During the first decades of the 20th century there was much confusion about both the date of what became called "the Suppression" and about the exact role played by Pinehesy. Whereas an early Egyptologist, Wilhelm Spiegelberg, assumed that it was Amenhotep himself who rebelled, Sethe showed that Amenhotep was the victim rather than the oppressor. More often than not "the Suppression" was placed in the reign of Ramesses IX or in the early years of Ramesses XI. It is now commonly accepted that the Suppression took place only shortly before the Wehem Mesut, which started in year 19 of Ramesses XI. It has been suggested that this "Renaissance" may have been proclaimed to mark the end of a troublesome period of which the removal from office of Amenhotep was a part.

In a very detailed study, Kim Ridealgh has shown that the traditional translation "suppression" of the Egyptian term "thj" is misleading, since it suggests that Amenhotep was somehow besieged and/or robbed of his freedom. The term rather denotes a more general act of aggression.

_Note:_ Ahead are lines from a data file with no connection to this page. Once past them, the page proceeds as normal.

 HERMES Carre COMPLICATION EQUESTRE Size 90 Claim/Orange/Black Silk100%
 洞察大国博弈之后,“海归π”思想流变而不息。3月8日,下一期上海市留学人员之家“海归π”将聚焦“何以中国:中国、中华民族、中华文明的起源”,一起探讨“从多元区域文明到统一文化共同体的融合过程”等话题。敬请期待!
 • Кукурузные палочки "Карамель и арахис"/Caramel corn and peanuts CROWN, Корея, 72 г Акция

Therefore, a more neutral translation like "transgression against the High Priest" is to be preferred.

It is not known who exactly ended "the transgression". It seems certain, however, that Pinehasy fled south and managed to maintain a powerbase in Nubia at least until year 10 of the Renaissance, when he is mentioned in a letter by the High Priest of Amun Piankh.

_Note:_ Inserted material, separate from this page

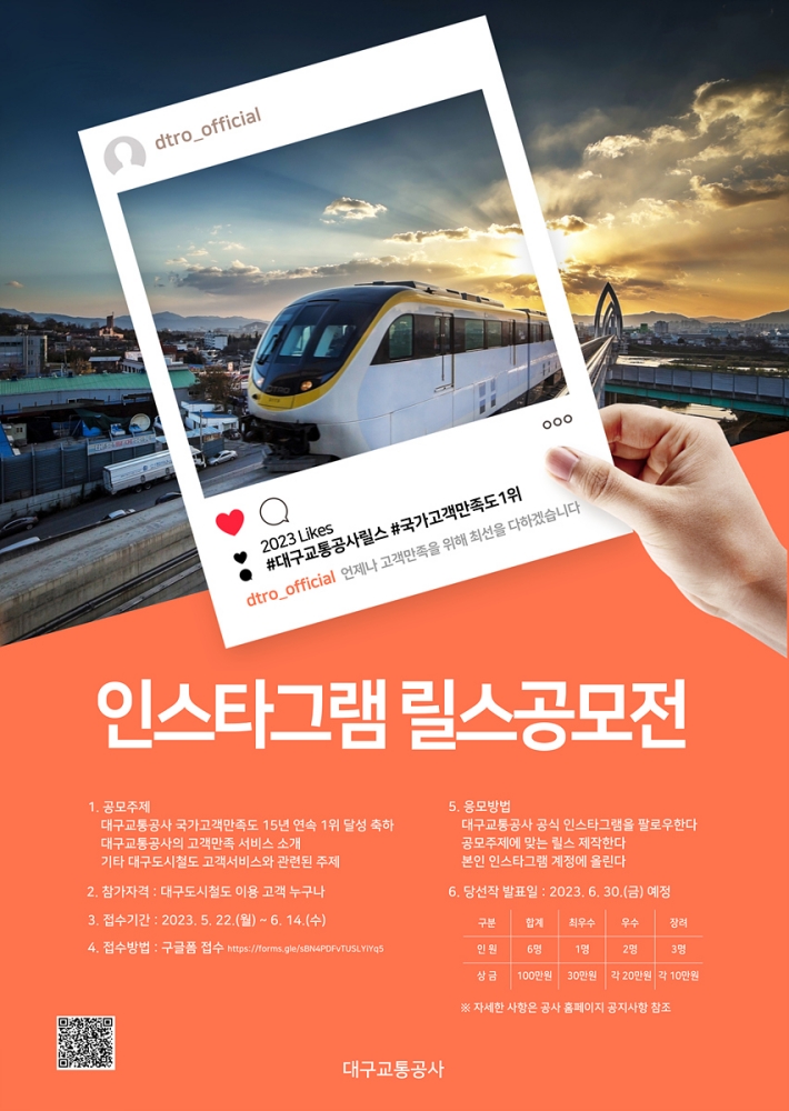 대구교통공사는 국가고객만족도(NCSI) 15년 연속 1위 달성을 기념해 ‘인스타그램 릴스 공모전’을 개최한다.

It is not known for certain whether the High Priest, Amenhotep, survived Pinehasy's violent action. However, Wente published a heavily damaged inscription from Karnak in which a High Priest (name lost, but almost certainly Amenhotep) looks back at a period when he was ousted from office. The text is highly suggestive of Amenhotep having been restored to his former position after an appeal to the king.
If Amenhotep was succeeded by Herihor, Amenhotep's pontificate must have been over by year 5 of the Renaissance at the very latest, since, on that model, this is the year in which the priest Wenamun set out on his journey to Byblos. Because the Story of Wenamun mentions Herihor as High Priest, by that time Amenhotep must already have been dead. However, it is not certain whether the anonymous "year 5" of the Story of Wenamun actually belongs to the Renaissance.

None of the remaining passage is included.